Chapitre 20 Cultures cellulaires
application au traitement des brûlés
Le développement de substituts cutanés en vue d’applications cliniques est un véritable défi, pour répondre aux besoins des patients dans le respect de normes de sécurité sanitaire draconiennes. Cela explique que tous les modèles développés pour la recherche ou la pharmaco-toxicologie ne sont pas utilisables en clinique.
Le traitement des grands brûlés est l’un des rares domaines où la thérapie cellulaire est régulièrement appliquée. En effet, depuis que les cultures de kératinocytes, ou cultures d’épiderme, ont été mises au point en 1975 par Rheinwald et Green [1], et greffées à deux enfants brûlés par Gallico et O’Connor en 1981 [2]. Cette technique a été utilisée dans la plupart des grands centres de brûlés. Bien que cette technique ait ses limites, elle permet, associée aux progrès réalisés dans tous les autres secteurs du traitement des brûlés, de sauver régulièrement des patients atteints sur plus de 80 % de la surface corporelle [3, 4, 5, 6].
Cultures de kératinocytes
Technique
La culture s’effectue à partir d’une biopsie épaisse de peau saine, de 10 cm2 environ, prélevée idéalement en zone pileuse riche en cellules souches capables de former des colonies [7]. Après identification et transfert au laboratoire, la biopsie est traitée par trypsine pour isoler ces cellules de l’épiderme capables de proliférer. La culture de kératinocytes s’effectue dans la technique originale sur une couche nourricière de fibroblastes murins 3T3 irradiés [1]. L’irradiation permet de stopper la multiplication des fibroblastes, sans altérer leur sécrétion de facteurs de croissance indispensable à la multiplication des kératinocytes. Il est également possible d’inhiber la multiplication des fibroblastes par la mitomycine C. Des fibroblastes d’origine humaine peuvent également être utilisés [8].
Il est également possible, selon la même technique, de produire des cultures d’épiderme allogéniques à partir de la peau d’un donneur, dans le cadre d’un prélèvement de tissus et sous le contrôle sanitaire d’une banque de tissus. Ces feuillets sont préparés à l’avance et congelés et seront donc immédiatement disponibles, alors que les feuillets autologues sont attendus trois semaines. Allogéniques, ils ne peuvent pas assurer un recouvrement définitif, mais jouent un rôle de couverture temporaire et d’inducteurs de la cicatrisation pour les brûlures intermédiaires et les sites de prélèvement en attendant que les cultures autologues soient prêtes [9].
Applications cliniques
La décision de cultiver l’épiderme d’un patient doit se faire rapidement, avant la colonisation bactérienne des lésions. La limite de gravité à partir de laquelle les cultures de kératinocytes sont utilisées recule progressivement, de 50 % de la surface corporelle brûlée dans les années 1990 à plus de 70 % de la surface cutanée actuellement [10].

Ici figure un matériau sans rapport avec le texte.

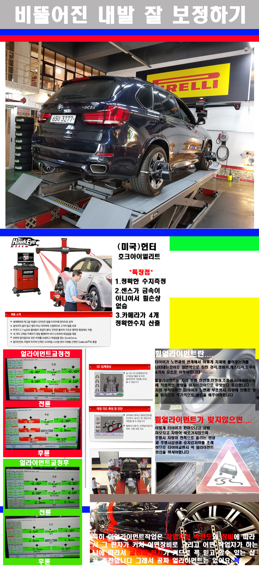 자사는 얼라이먼트정렬시 교정전 교정후를 구분하여 고객님께 직접 이수치값을 확인시켜드리고 작업을 하며 이후 각각의 특성을 가진 타이어들에 대해서 설명 및 관리요령 운전요령 같이 설명해드리고 있습니다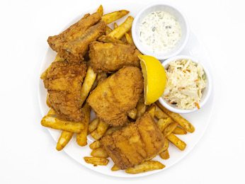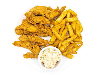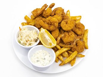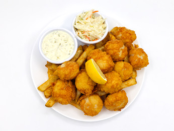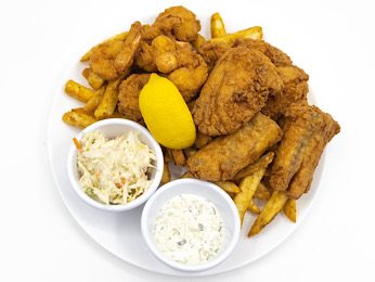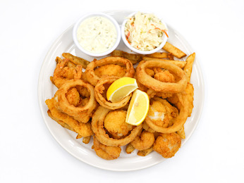 Shrimp, Scallops, Fish, Onion Rings, French Fries, Tartar Sauce and Coleslaw.
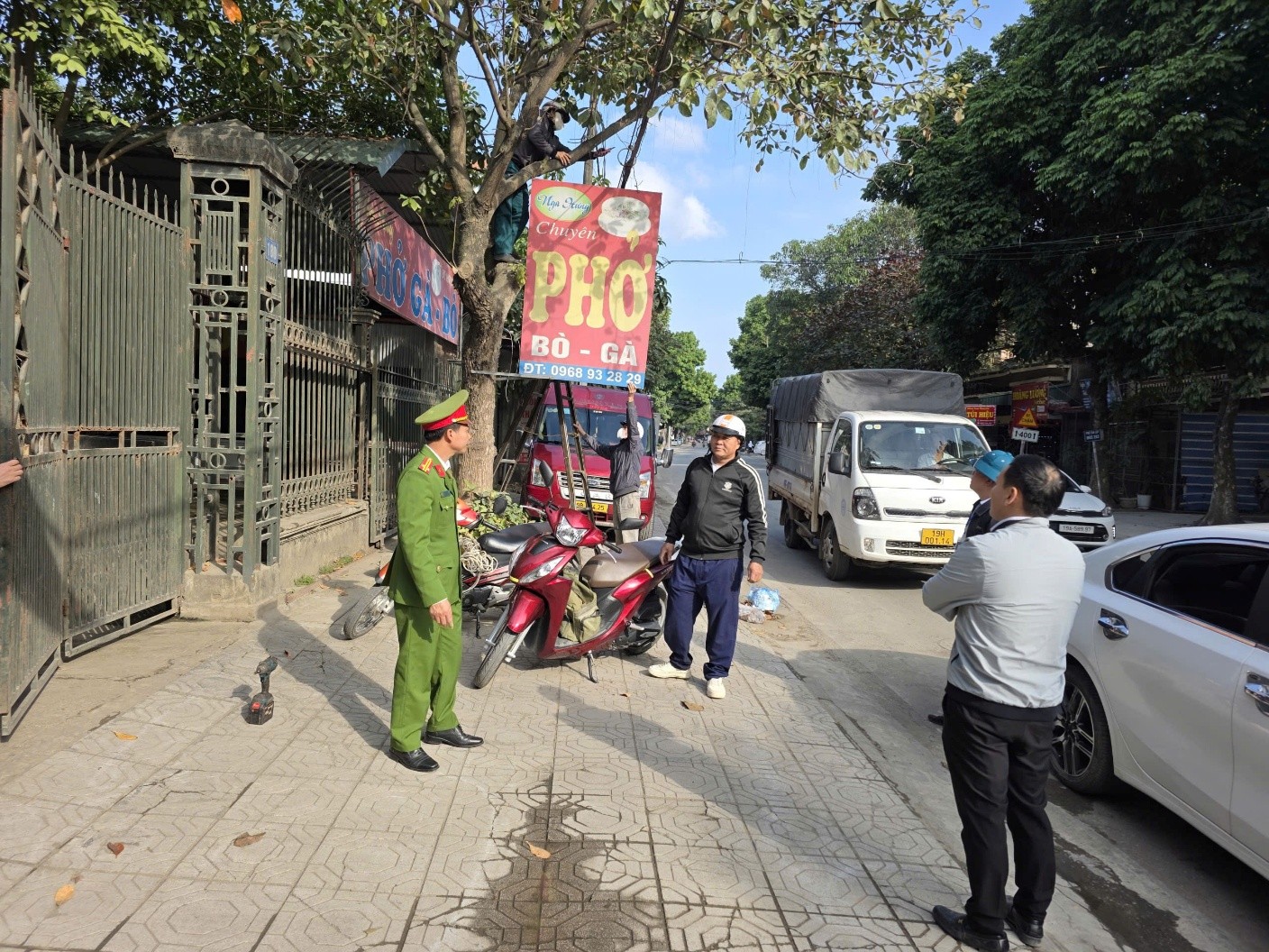 Song song với công tác tuyên truyền, Công an phường đã phối hợp với các lực lượng chức năng tổ chức ra quân kiểm tra, xử lý các trường hợp vi phạm. Kết quả, lực lượng chức năng đã cắt, tháo dỡ 25 trường hợp mái tôn che chắn lấn chiếm vỉa hè; tháo dỡ 75 biển quảng cáo vi phạm, trả lại hành lang an toàn giao thông. Đồng thời, lập biên bản xử phạt vi phạm hành chính 03 trường hợp theo quy định.

La préparation du patient et du lit de greffe est essentielle pour permettre la prise des cultures d’épiderme. C’est Cuono, en 1987, qui a décrit la technique de référence [11] ; la zone à recouvrir est excisée précocement et greffée avec de la peau de donneur. Cette peau allogénique, une fois incorporée, stabilise le lit de greffe et évite la surinfection locale. Trois semaines plus tard, le jour de la pose de l’épiderme cultivé, l’épiderme de la peau de donneur est éliminé en respectant le derme. Les feuillets de culture sont alors appliqués de façon jointive (fig. 20-1). Les taux de prise de greffe publiés varient de 47 à 90 % [12].
En l’absence de peau de donneur, la technique combinée associant autogreffe largement expansée et cultures autologues permet d’obtenir un taux de prise satisfaisant [13].
Parallèlement, l’induction de la cicatrisation sur les brûlures du second degré étendues est décrite. Elle permet, pour les patients brûlés sur de grandes surfaces, d’obtenir la cicatrisation précoce de brûlures du second degré profond [9, 14].
L’utilisation de cultures allogéniques comme des inducteurs de la cicatrisation des sites donneurs de greffe permet d’éviter leur approfondissement et donc d’améliorer leur rendement [14, 15].